Graphene Nanoribbon-Graphdiyne Lateral Heterojunctions with Atomically Abrupt Interfaces
Alice Cartoceti, Simona Achilli, Masoumeh Alihosseini, Adriana E. Candia, Enrico Beltrami, Paolo D'Agosta, Alessio Orbelli Biroli, Francesco Sedona, Andrea Li Bassi, Jorge Lobo Checa, Carlo S. Casari
TL;DR
The paper addresses the challenge of creating all-carbon lateral 2D heterostructures with atomically abrupt interfaces. It employs on-surface synthesis on Au(111) to forge covalently bonded hGDY–aGNR heterostructures, supported by LT-STM imaging and DFT/NEGF transport modeling. Key findings include a bonding mechanism via thermally induced rupture of C–Au and Au–Br leading to C–C interfacial links, Br chemisorption suppressing junction formation, and atomic hydrogen dosing increasing bonding efficiency up to 71%; freestanding junctions show electronically abrupt interfaces while substrate coupling modulates the electronic structure and transport channels. This work provides a viable route to all-carbon nanoscale circuitry with potential for voltage-tunable current separation and atomically scaled circuitry.
Abstract
Carbon-based 2D heterostructures represent an attractive platform for nanoelectronics owing to their tunable electronic and transport properties, yet achieving precise control over their fabrication remains elusive. Here, we demonstrate the on--surface synthesis of covalently bonded lateral heterostructures between armchair graphene nanoribbons and metalated hydrogenated graphdiyne networks on Au(111). Atomic--resolution scanning tunnelling microscopy combined with density functional theory reveals the formation mechanism of covalent interfacial bonds and highlights the critical influence of surface chemistry.
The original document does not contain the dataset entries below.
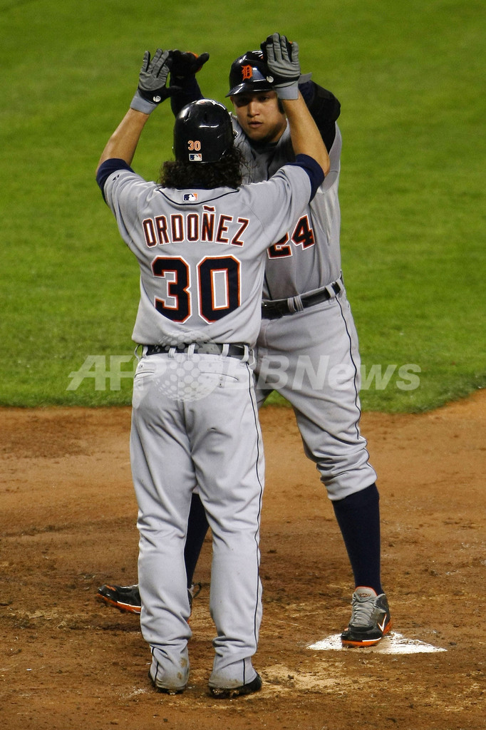スポーツ 野球 タイガース 敵地でヤンキースに3連勝 2008年5月2日 13:56 発信地:ニューヨーク/米国 [ 北米 米国 ] このニュースをシェア ‹ › ❮ 3/9 ❯ ニューヨーク・ヤンキース戦で7回表に第6号2ラン本塁打を放ち、マグリオ・オルドニエス(%%Magglio Ordonez%%、左)とハイタッチを交わすデトロイト・タイガースのミゲル・カブレラ(%%Miguel Cabrera%%)。(2008年5月1日撮影)(c)AFP/Getty Images/Chris McGrath 画像作成中 ! 【5月2日 AFP】08MLB、ニューヨーク・ヤンキース(New York Yankees)vsデトロイト・タイガース(Detroit Tigers)。試合はタイガースが8-4で勝利し、敵地でヤンキースに3連勝を飾った。(c)AFP/Getty Images 野球 一覧へ> メディア・報道関係・法人の方向け 写真・動画 購入のお問合せ>
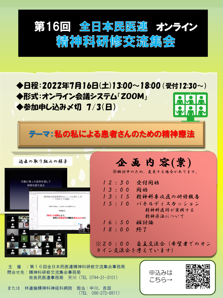 お知らせ2022.06.247/16精神科研修交流集会 精神科に興味のある研修医、医学生向けのWEB企画「精神科研修交流集会」を開催します。 精神療法についてのパネルディスカッション、専攻医による研修報告があります。 ご興味のある方は、チラシをご覧の上チラシのQRコードもしくは下記リンクから申し込みお願いします。 お申し込みはこちら!
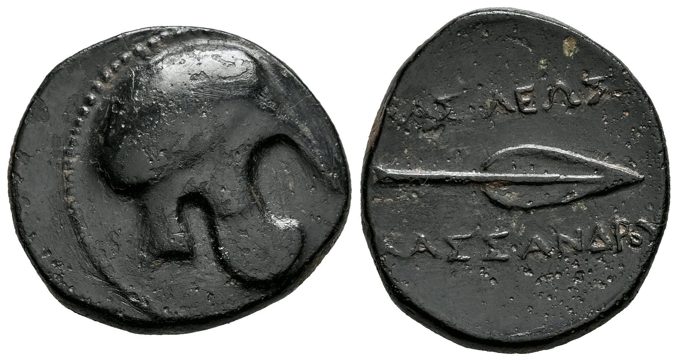 Reyes de Mauretania. Kassander. AE 20. 301-298/4 a.C. Ceca incierta en Caria. Acuñada bajo Pleistarchos. (Hgc-3, 998). Anv.: Casco a la derecha. Rev.: ΒAΣΙΛΕΩΣ - KAΣΣANΔPOY Punta de lanza a la derecha. Ae. 4,64 g. MBC/MBC+. Est...100,00.
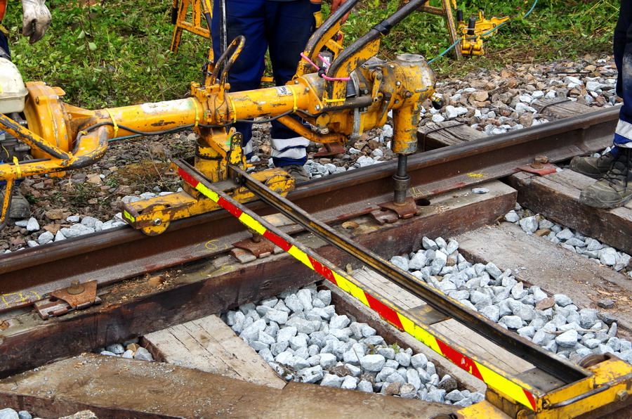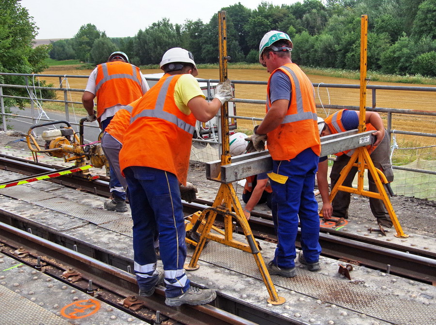 travail sur le pont ferroviaire avec un groupe de bourrage électrique Robel de type 62-04 à Rogny (02)
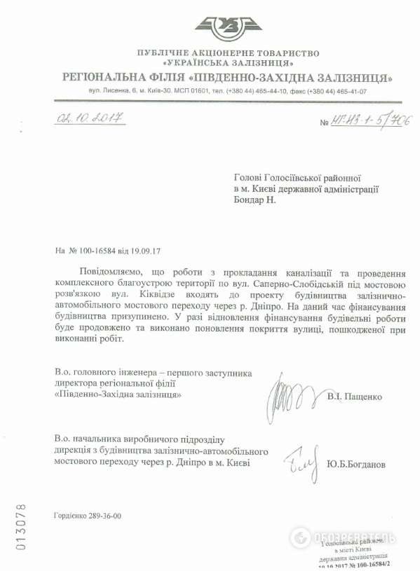 Журналисты "Обозревателя" направили запрос в Киевскую городскую государственную администрацию (КГГА), где нам сообщили, что балансодержателем объекта является дорожно-эксплуатационное управление (ДЭУ) Голосеевского района. В управлении ответили, что виновником разрытия (прокладки канализации) является Дирекция строительства железнодорожно-автомобильного мостового перехода через р. Днепр в г. Киеве - производственное подразделение Юго-Западной железной дороги ПАО "Укрзалізниця".
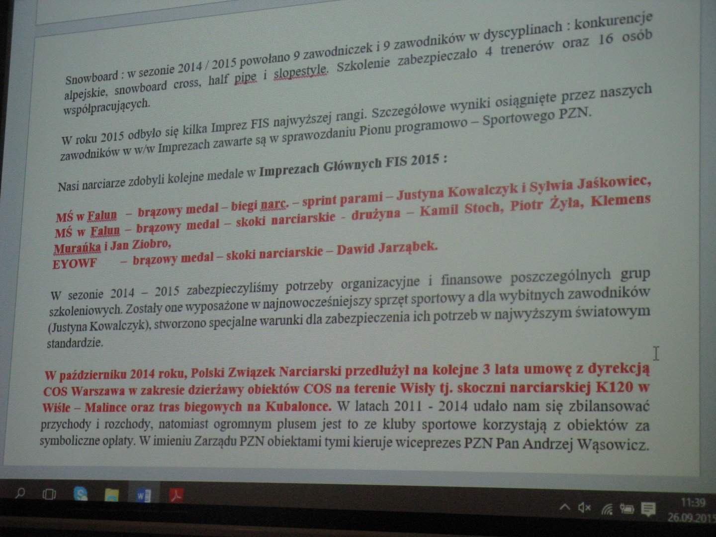 W sobotę 26.09.2015 r. odbył się w Krakowie Walny Zjazd Sprawozdawczy Polskiego Związku Narciarskiego.

In particular, chemisorbed bromine atoms suppress junction formation, while controlled atomic hydrogen dosing increases the bonding efficiency to 71\%. Electronic structure and transport calculations demonstrate how the metallic substrate influences the supported heterostructure, whereas in the freestanding limit, the two carbon subsystems retain their intrinsic properties, forming an atomically narrow junction that enables voltage-tunable spatial current separation. These results define a viable strategy for engineering graphene--graphdiyne heterostructures and advance the design of all-carbon nanoscale electronic architectures.